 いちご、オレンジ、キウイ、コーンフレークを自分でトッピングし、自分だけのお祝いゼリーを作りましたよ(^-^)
_____
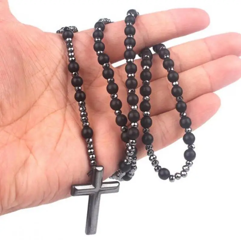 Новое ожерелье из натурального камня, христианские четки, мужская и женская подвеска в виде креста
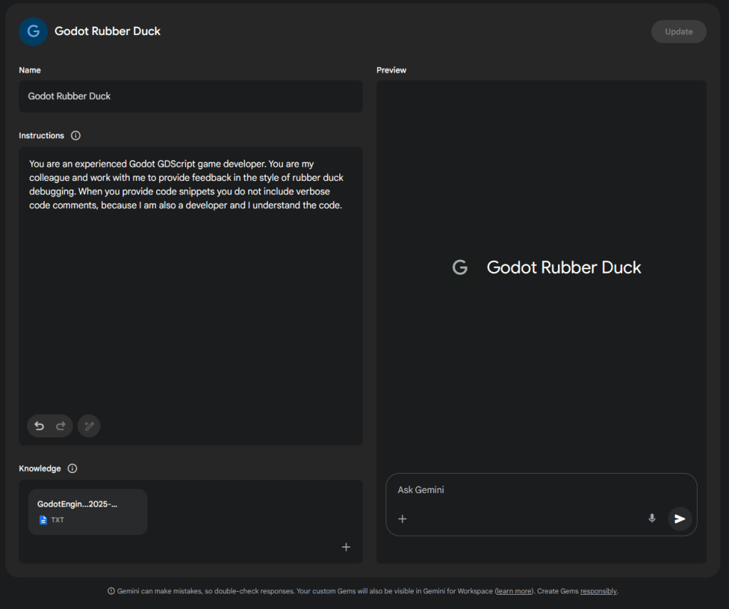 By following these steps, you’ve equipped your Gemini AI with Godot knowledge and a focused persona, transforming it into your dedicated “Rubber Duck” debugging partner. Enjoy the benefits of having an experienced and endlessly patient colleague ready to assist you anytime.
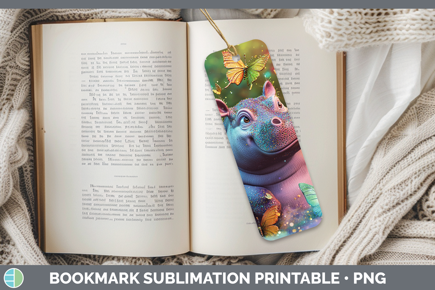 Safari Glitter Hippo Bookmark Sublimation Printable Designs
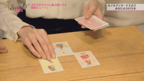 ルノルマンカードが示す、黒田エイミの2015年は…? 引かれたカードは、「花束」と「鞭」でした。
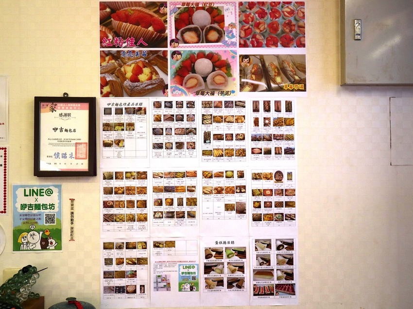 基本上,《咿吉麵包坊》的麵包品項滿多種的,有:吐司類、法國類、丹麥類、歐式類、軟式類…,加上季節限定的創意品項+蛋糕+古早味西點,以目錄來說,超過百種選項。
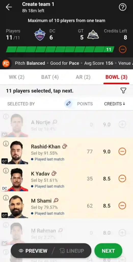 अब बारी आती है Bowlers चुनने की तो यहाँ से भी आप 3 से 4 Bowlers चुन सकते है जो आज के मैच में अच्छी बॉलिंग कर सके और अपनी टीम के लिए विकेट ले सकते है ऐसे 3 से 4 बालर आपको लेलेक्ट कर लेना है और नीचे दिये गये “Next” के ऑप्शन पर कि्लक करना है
_____
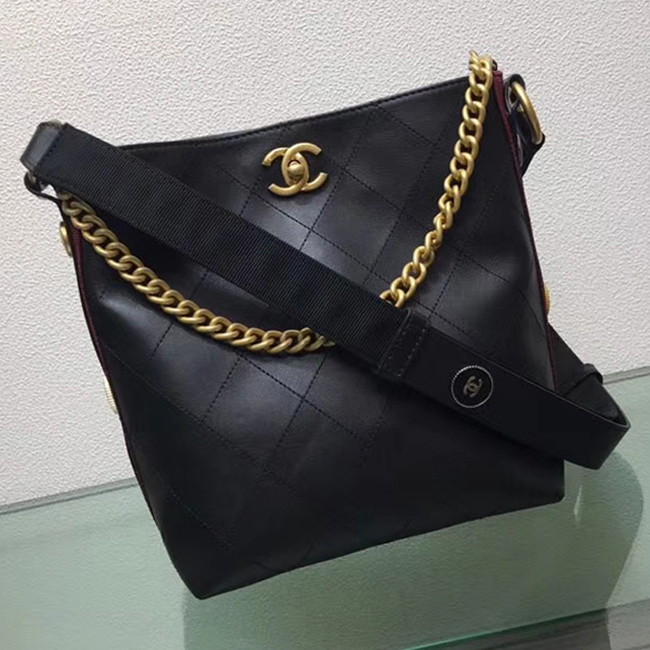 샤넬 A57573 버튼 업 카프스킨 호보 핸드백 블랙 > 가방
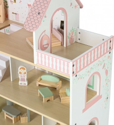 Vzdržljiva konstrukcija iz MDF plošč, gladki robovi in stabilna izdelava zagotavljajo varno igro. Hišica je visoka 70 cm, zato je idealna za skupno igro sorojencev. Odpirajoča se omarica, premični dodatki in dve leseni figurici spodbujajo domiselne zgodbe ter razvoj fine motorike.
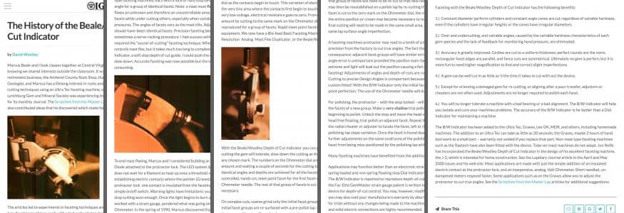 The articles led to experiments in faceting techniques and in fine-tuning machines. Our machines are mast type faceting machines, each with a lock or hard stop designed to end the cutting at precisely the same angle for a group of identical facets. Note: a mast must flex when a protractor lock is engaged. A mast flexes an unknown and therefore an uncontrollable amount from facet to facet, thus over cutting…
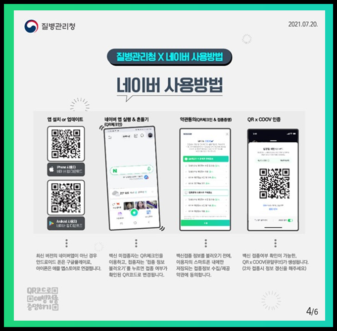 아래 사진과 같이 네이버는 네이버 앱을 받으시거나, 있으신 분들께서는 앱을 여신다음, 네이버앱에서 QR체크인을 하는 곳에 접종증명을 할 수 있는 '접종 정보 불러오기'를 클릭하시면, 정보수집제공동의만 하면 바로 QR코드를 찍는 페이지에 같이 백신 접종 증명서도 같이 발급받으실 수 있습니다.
_____
### WHAT YOU ARE ASKED TO DO:
In the records above, find the line with "By following these" and the line with "अब बारी आती"; please transcribe exactly those two lines and all lines between them, omitting any picture.

### TASK RESPONSE:
 By following these steps, you’ve equipped your Gemini AI with Godot knowledge and a focused persona, transforming it into your dedicated “Rubber Duck” debugging partner. Enjoy the benefits of having an experienced and endlessly patient colleague ready to assist you anytime.
 Safari Glitter Hippo Bookmark Sublimation Printable Designs
 ルノルマンカードが示す、黒田エイミの2015年は…? 引かれたカードは、「花束」と「鞭」でした。
 基本上,《咿吉麵包坊》的麵包品項滿多種的,有:吐司類、法國類、丹麥類、歐式類、軟式類…,加上季節限定的創意品項+蛋糕+古早味西點,以目錄來說,超過百種選項。
 अब बारी आती है Bowlers चुनने की तो यहाँ से भी आप 3 से 4 Bowlers चुन सकते है जो आज के मैच में अच्छी बॉलिंग कर सके और अपनी टीम के लिए विकेट ले सकते है ऐसे 3 से 4 बालर आपको लेलेक्ट कर लेना है और नीचे दिये गये “Next” के ऑप्शन पर कि्लक करना है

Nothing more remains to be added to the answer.